Christopher Robin has a lot to recommend it. The animals are well-realised, though I’ll admit to championing old misery-guts Eeyore. What can I say, every time he appeared I started humming under my breath “hello darkness my old friend…” He always has the last word and it’s usually a bleakly funny one. If anyone could be the new darling of indie cinema it’s Eeyore, so someone please give him his own film.
Pooh has passive aggression down to a fine art. His old friend Christopher has hardly thought of them in years: “we think about you every day” retaliates the bear, mournfully.
The 1940s settings are beautifully done. I loved the stations and the trains – always busy and bustling, yet with enough carriages for one per person.

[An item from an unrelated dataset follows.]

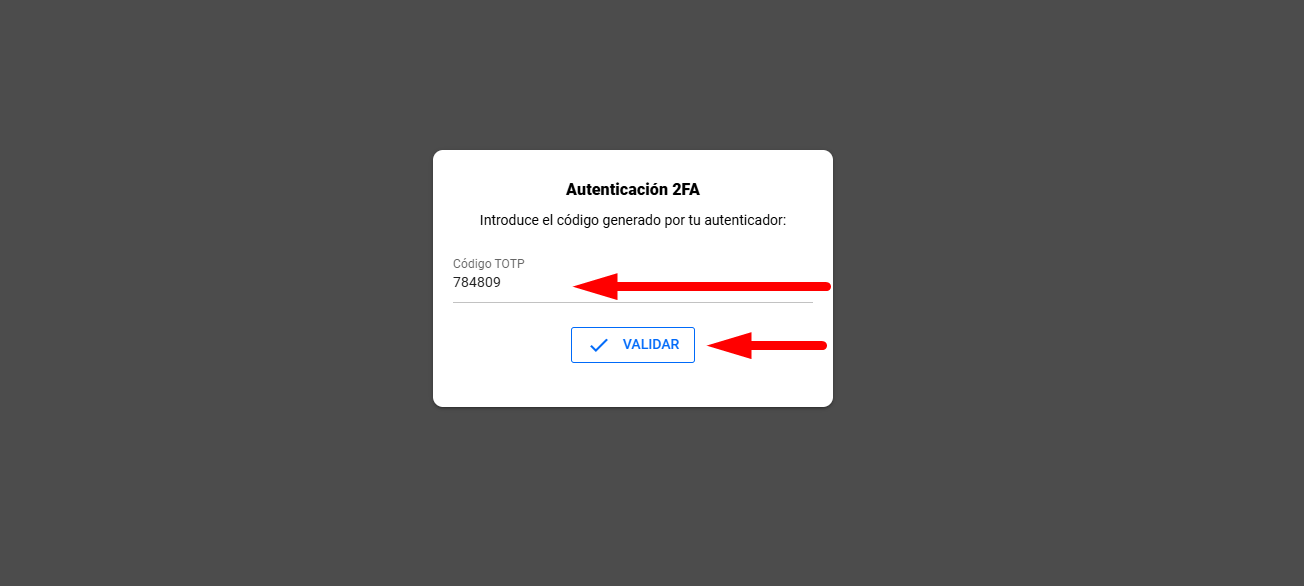 - Ingrese el código generado por el autenticador y realizar clic en el botón de VALIDAR.

Christopher Robin is and isn’t a children’s film. The early scenes of family angst were, unsurprisingly, lost on my 6 year old. (He’s also not a good enough reader to understand the text on the animated original drawings. So if you’re watching this on the big screen and a parent or older sibling is reading them out, no ssshhh-ing.)
Once the animals appeared, my boys loved it, with Tigger a particular favourite. And my youngest thought Eyeore’s stoic approach to his doom, drifting along a stream towards a waterfall, was hilarious – especially when Christopher Robin jumped in to discover the water was a few inches deep and the hapless donkey merely approaching a tiny weir.
The return to London – Maddie running away to the capital with the animals, her mother in pursuit, and Christopher Robin finding a solution to the cuts that helps both company and employees – is firmly in family film territory.
McGregor makes the most of an alternately brittle and gooey script. He’s rather good as a man who may claim to want more family time but because of his upbringing finds the arms-length friendship of colleagues less work. (Though I was often distracted by his extraordinarily perfect teeth, which don’t look like they’ve ever been near a pot of enamel-destroying honey.)
“Doing nothing leads to the very best of something” says Pooh. So take time out, play pooh sticks under a bridge with your loved ones, and hopefully the mortgage will pay itself.